Indian Prime Minister Narendra Modi and his Bharatiya Janata Party (BJP) suffered a devastating win in early June when his far-right Hindu nationalist party won a majority of votes in the national election, but not the majority of seats.
The BJP’s drop from 303 seats in 2019 to a mere 240 means it can only retain its rule by forming a coalition with the National Democratic Alliance, which does not have the same authoritarian tendencies.
Also in mid-June, Delhi BJP official VK Saxena announced he had given the greenlight to prosecute Modi critic, award-winning writer and dissident Arundhati Roy.
Roy is a prolific writer of polemical political treatises. In 1997, she won the Booker Prize for her God of Small Things.
Modi wants her arrested for comments she made during a 2010 public forum on Kashmir, under the countries’ notorious anti-terror law, alongside Professor Sheikh Showkat Hussain.
Roy and Hussain have been threatened with prosecution under the 1960s rights infringing Unlawful Activities (Prevention) Act (UAPA), which had barely been used until Modi and the BJP started applying it to old rivals and loud critics over the past 10 years.
Modi became PM in 2014 after he had been BJP chief minister in Gujarat state since 2001. During the 2002 Gujarat riots, deadly pogroms against Muslim communities, he became known as a brutal ruler.
Roy shifted to political prose, with a poetic flair, in 1998, with her The End of Imagination essay — a statement against India and Pakistan acquiring nuclear weapons. Since the 1947’s partition, both countries are still at loggerheads, with Kashmir the flashpoint.

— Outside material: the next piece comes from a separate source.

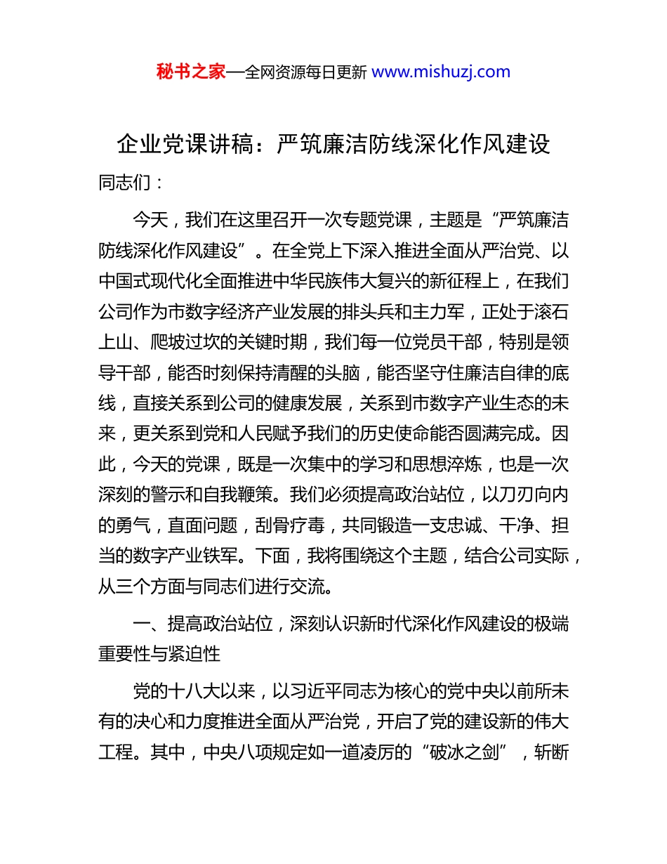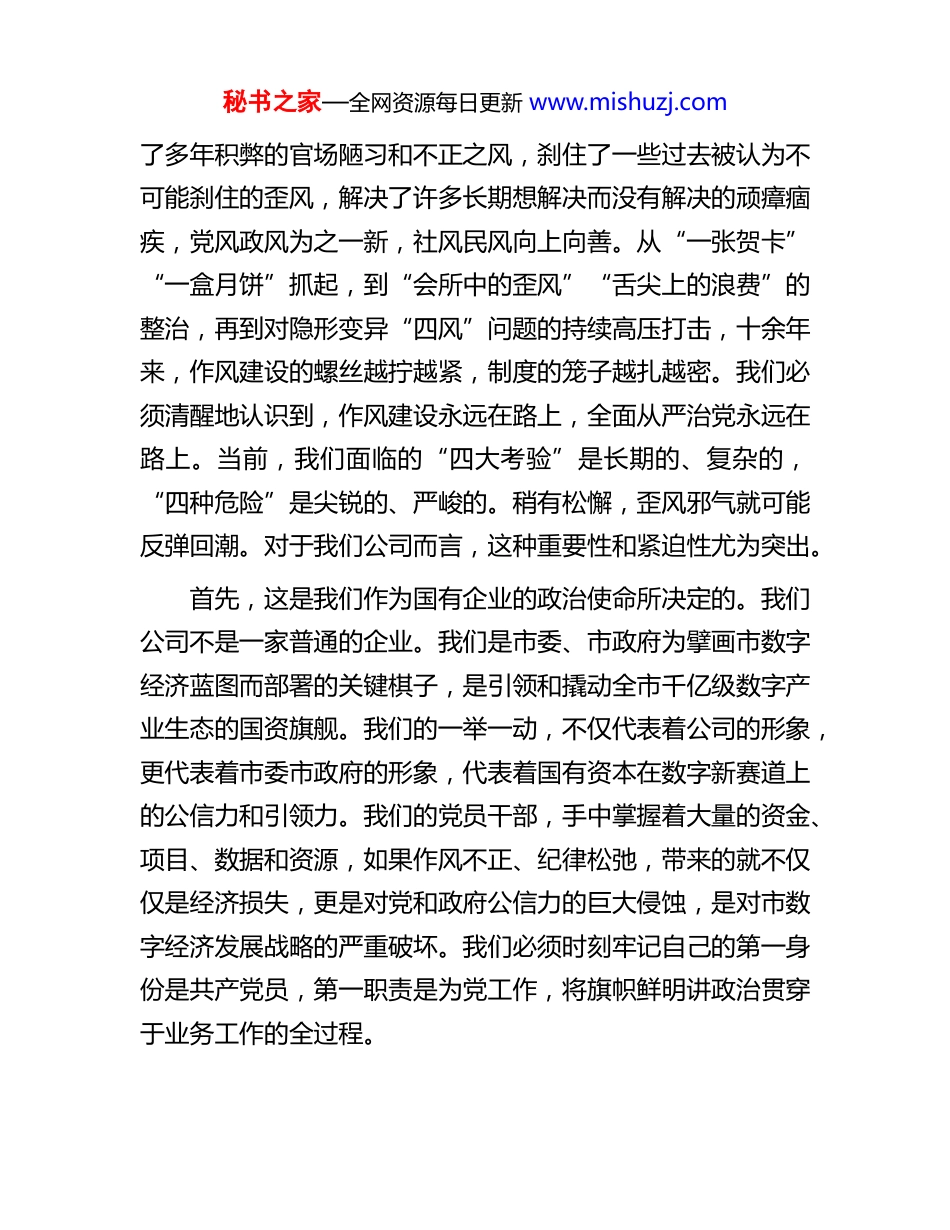 秘书之家—全网资源每日更新 www.mishuzj.com企业党课讲稿:严筑廉洁防线深化作风建设同志们:今天,我们在这里召开一次专题党课,主题是“严筑廉洁防线深化作风建设”。在全党上下深入推进全面从严治党、以中国式现代化全面推进中华民族伟大复兴的新征程上,在我们公司作为市数字经济产业发展的排头兵和主力军,正处于滚石上山、爬坡过坎的关键时期,我们每一位党员干部,特别是领导干部,能否时刻保持清醒的头脑,能否坚守住廉洁自律的底线,直接关系到公司的健康发展,关系到市数字产业生态的未来,更关系到党和人民赋予我们的历史使命能否圆满完成。因此,今天的党课,既是一次集中的学习和思想淬炼,也是一次深刻的警示和自我鞭策。我们必须提高政治站位,以刀刃向内的勇气,直面问题,刮骨疗毒,共同锻造一支忠诚、干净、担当的数字产业铁军。下面,我将围绕这个主题,结合公司实际,从三个方面与同志们进行交流。一、提高政治站位,深刻认识新时代深化作风建设的极端重要性与紧迫性党的十八大以来,以习近平同志为核心的党中央以前所未有的决心和力度推进全面从严治党,开启了党的建设新的伟大工程。其中,中央八项规定如一道凌厉的“破冰之剑”,斩断秘书之家—全网资源每日更新 www.mishuzj.com了多年积弊的官场陋习和不正之风,刹住了一些过去被认为不可能刹住的歪风,解决了许多长期想解决而没有解决的顽瘴痼疾,党风政风为之一新,社风民风向上向善。从“一张贺卡”“一盒月饼”抓起,到“会所中的歪风”“舌尖上的浪费”的整治,再到对隐形变异“四风”问题的持续高压打击,十余年来,作风建设的螺丝越拧越紧,制度的笼子越扎越密。我们必须清醒地认识到,作风建设永远在路上,全面从严治党永远在路上。当前,我们面临的“四大考验”是长期的、复杂的,“四种危险”是尖锐的、严峻的。稍有松懈,歪风邪气就可能反弹回潮。对于我们公司而言,这种重要性和紧迫性尤为突出。首先,这是我们作为国有企业的政治使命所决定的。我们公司不是一家普通的企业。我们是市委、市政府为擘画市数字经济蓝图而部署的关键棋子,是引领和撬动全市千亿级数字产业生态的国资旗舰。我们的一举一动,不仅代表着公司的形象,更代表着市委市政府的形象,代表着国有资本在数字新赛道上的公信力和引领力。我们的党员干部,手中掌握着大量的资金、项目、数据和资源,如果作风不正、纪律松弛,带来的就不仅仅是经济损失,更是对党和政府公信力的巨大侵蚀,是对市数字经济发展战略的严重破坏。我们必须时刻牢记自己的第一身份是共产党员,第一职责是为党工作,将旗帜鲜明讲政治贯穿于业务工作的全过程。秘书之家—全网资源每日更新 www.mishuzj.com其次,这是我们所处行业领域的特殊风险所决定的。我们身处数字产业这一新兴领域,技术迭代快,商业模式新,资本流动密集。与传统行业相比,我们面临的廉洁风险也呈现出新的特点。过去,腐败可能是看得见的工程回扣、摸得着的烟酒礼品。而在数字经济时代,腐败的形式可能变得更加隐蔽和复杂。它可以是数据资源的不当倾斜,可以是算法模型中的人为偏好,可以是利用信息不对称进行的内幕交易,甚至可以是一次看似平常的技术合作、一次“免费”的增值服务。这些新型的、智能化的手段,迷惑性更强,甄别难度更大。如果我们还用老眼光看待新问题,满足于“不拿群众一针一线”的朴素认知,就可能在不知不觉中触碰红线、滑入深渊。因此,我们必须与时俱进,深入研究数字产业的廉洁风险点,构筑起与之相适应的“防火墙”和“隔离带”。最后,这是实现公司高质量发展的内在要求所决定的。作风就是战斗力,纪律就是生命线。一个纪律严明、作风过硬的团队,才能有强大的凝聚力和执行力。反之,如果一个组织内部形式主义、官僚主义盛行,人人满足于“把说了当做了,把做了当做好了”,工作推诿扯皮,决策久拖不议;如果享乐主义、奢靡之风抬头,大家心思不在工作上,而是比待遇、比享受、铺张浪费,那么这个组织必然人心涣散,毫无战斗力可言。我们当前正肩负着建设**市“城市大脑”、运营“东数西算”枢纽节点核心区、打造数字资产交易平台等一系列艰巨任务。...

Being prosecuted under these old laws is serious, regardless of any resulting conviction, because it is extremely hard to access bail and cases can take years to build. Suspects can spend 5 to 10 years on remand, only to be released on acquittal.
A voice of defiance
After speaking out against Indian governments’ hawkish politics from the mid-90s, Roy turned her attention to the government drive to construct big dams and, in particular, the Narmada Dam.
The dam construction displaced thousands of tribal Adivasi people.
Roy has spent the last 30 years lending her voice to the voiceless.
She spoke out against United States imperialism under President George Bush in the early 2000s, as well as Modi’s attempt to shift secular India into a xenophobic nation, run by Hindu nationalists.
“Look, Kashmir has never been an integral part of India,” said Roy 14 years ago. Even though Roy was speaking about commonly held views, she is being threatened with prosecution.
“However aggressively and however often you want to ask me that, even the Indian government has accepted in the United Nations that it’s not an integral part of India,” Roy said during the 2010 conference on Kashmir. “So, why are we trying to change that narrative now?”
In the wake of that forum, in October, a group of BJP women’s organisation members gathered at Roy’s house and called on her to give up her country because of her views.
This was despite her long being known to support Kashmir.
Talk of prosecuting Roy began then.
Azadi rising
As the colonising British left the subcontinent in tatters in the mid-1940s, the Kashmiri Hindu Maharaja Hari Singh of the Muslim majority region threw in his lot with India rather than the newly-forming majority Muslim Pakistan.
The Kashmiri struggle is much greater than this one act: it’s a story of a people trapped between rival nations, seeking self-determination.
A February 2019 suicide attack in Kashmir in which some 40 Indian soldiers were killed just before a national election, prompted Modi to act with vengeance.
Riding on the shock waves, he was re-elected in 2019.
He then proceeded to strip the region of its Article 370 special autonomy rights and used the COVID-19 pandemic to send in the military to repress Kashmiris. This has included internet blackouts, lockdowns and media suppression.
Roy continued to speak out against Modi during his second term of office, including his intensified crackdown on Kashmir. She has also condemned the BJP’s citizenship laws that specifically exclude Muslim people and Islamophobic attacks that have been rising with impunity.
Modi’s attempt to silence Roy is a last-ditch effort against the struggle for azadi or freedom.
Roy has become a symbol of a multicultural, multi-faith secular democratic India that continues to oppose the rise in Hindu nationalism.
This month’s election result shows that after a decade of Modi’s right-wing nationalistic repression, it is in decline, perhaps on its way to toppling over.